Comelec needs P6.7B to replace 97,000 ‘old’ VCMs, Senate panel learns
MANILA, Philippines — The Commission on Elections (Comelec) would need an estimated P6.7 billion to lease 97,000 new vote counting machines (VCMs) for the next polls, aiming to replace the “old” ones, a Senate panel learned Tuesday.
During a hearing of the Senate electoral reforms committee, Comelec chairman Saidamen Pangarungan stressed the need to lease new VCMs for future polls.
He attributed the malfunctions recorded in the VCMs used during the May 9 polls to the lack of budget given to the poll body.
For the 2022 budget, Comelec had requested a P12-billion allocation but was only given P8 billion by Congress, according to Pangarungan.
“Kaya po napilitan ang [It forced the] Comelec to refurbish the vote counting machines and then we have these malfunctions in the VCMs,” Pangarungan told the committee, which is chaired by Senator Imee Marcos.
“So definitely, we will recommend to lease new vote counting machines kasi itong mga VCMs, it’s 13 years old.
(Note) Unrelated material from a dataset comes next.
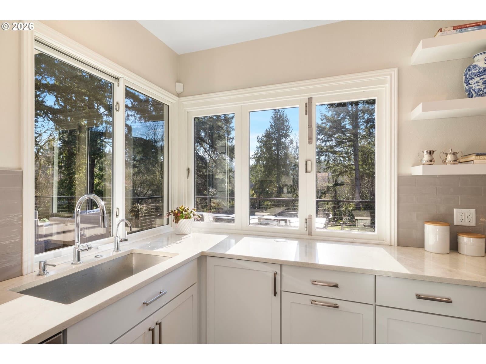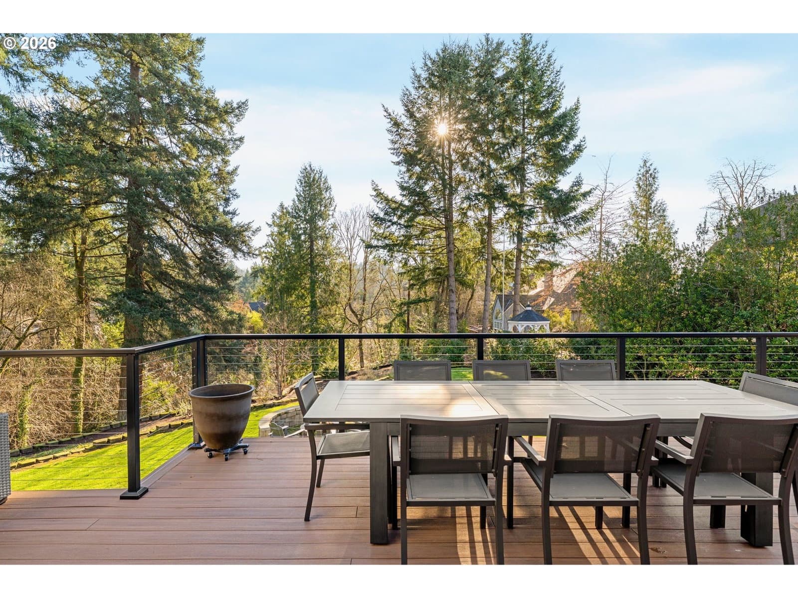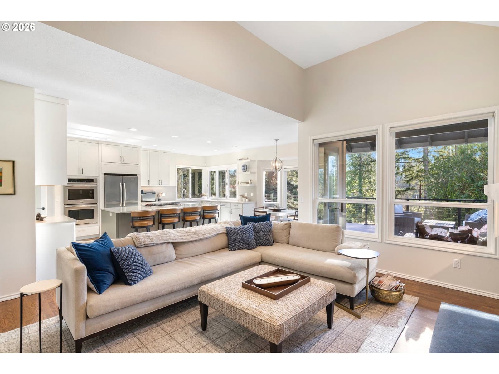 This stunning traditional sits on nearly a third of an acre at the end of a quiet cul-de-sac in the highly desirable Bridlemile neighborhood. A one of a kind floor plan and head to toe remodel that is meticulously maintained and enjoys a forest like green space off the back. The main level features a show stopping kitchen that has all new cabinets, quartz countertops, tile backsplash, a Wolf cooktop, a massive island, a walk in pantry, a breakfast nook, and a one of kind bifold window for access to the outside bar. The family room has a stunning custom gas starter fireplace with builtin cabinets, a beverage and wine fridge and expansive windows. The hard to find primary on the main enjoys high ceilings, deck access and an elegantly updated bathroom with two vanities, a free standing tub, a tile steam shower, and a walk-in closet with a high end custom builtins. The rest of the main level features a cozy den, an entertainer’s dining room, a large formal living room with a gas starter fireplace, a powder bathroom, and a functional laundry room equipped with a sink, fridge and ample counter and cabinet space. The upper level comes with three spare bedrooms, two beautifully updated bathrooms, and a large bonus room that can serve multiple purposes. The one of a kind exterior enjoys a stunning green belt and creek, mature trees and shrubs, and a large flat grass area perfect for outdoor activities. Entertaining is a dream with the new composition deck stretching nearly the entire width of the home, an outdoor bar, a covered area for all weather enjoyment and a inviting fire pit. The massive crawlspace is accessed with a standard size door and is perfect for storage, a shop or opportunity to finish for additional living space. Rest easy with the newer 50 year roof, oversized 3 car garage, high end cedar siding, fresh interior & exterior paint & more! Top of the line schools and only minutes from Hamilton Park, Multnomah Village, Oregon Zoo, OHSU, major highways & trails! [Home Energy Score = 2. HES Report at https://rpt.greenbuildingregistry.com/hes/OR10243711]

Kailangan talagang gumamit tayo ng bago na mga [We really need to use new] VCMs for the 2025 elections,” he added.
According to Comelec commissioner George Garcia, 97,000 VCMs are already considered “very old” and that the poll body had to lease 11,100 additional new machines.
“So ako po [I] personally would recommend to the en banc—in case we’ll still be there—to retire the 97,000, it is no longer feasible at this point to use these machines in 2025,” he said.
Marcos asked how much leasing 97,000 new VCMs would cost.
“In the past elections, the lease price is about 70 percent of the purchase price. Just for the sake of discussion, kung P100,000, 70 percent [is] P70,000 per VCM,” Comelec director Bartolome Sinocruz Jr. told the senator.
“So that would bring us to P70,000 x the 97,000? P6.7 [billion], right?Somewhere there?” Marcos asked in response. Sinocruz confirmed the senator’s computation.
Marcos then suggested leasing the new machines by phase considering the amount needed to do so.
“So P6.7 billion. I don’t think we have that amount burning a hole in our pockets right now. But I think we could start, kahit phase by phase lang muna [We can do this phase by phase for now],” she added.
According to Garcia, a total of 1,310 VCMs were replaced on election day.
Of this number, 1,295 VCMs were those used in the country while 15 others were VCMs used for overseas voting.